Task:
Take the data below and write it out exactly, except for the pictures.

Dataset section:

-------

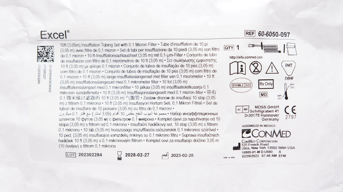 - Conmed 60-6050-097 Excel 10 Ft. Insufflation Tubing Set w/0.1 Micron Filter
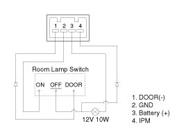 1. Remove the room lamp assembly then check for continuity between terminals.
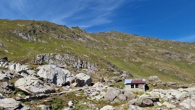 Effectivement, après avoir contourné une butte, nous apercevons le passo di Cristallina et perché, un petit rectangle noir que nous devinons être la cabane.

-------

Task output:
 - Conmed 60-6050-097 Excel 10 Ft. Insufflation Tubing Set w/0.1 Micron Filter
 1. Remove the room lamp assembly then check for continuity between terminals.
 Effectivement, après avoir contourné une butte, nous apercevons le passo di Cristallina et perché, un petit rectangle noir que nous devinons être la cabane.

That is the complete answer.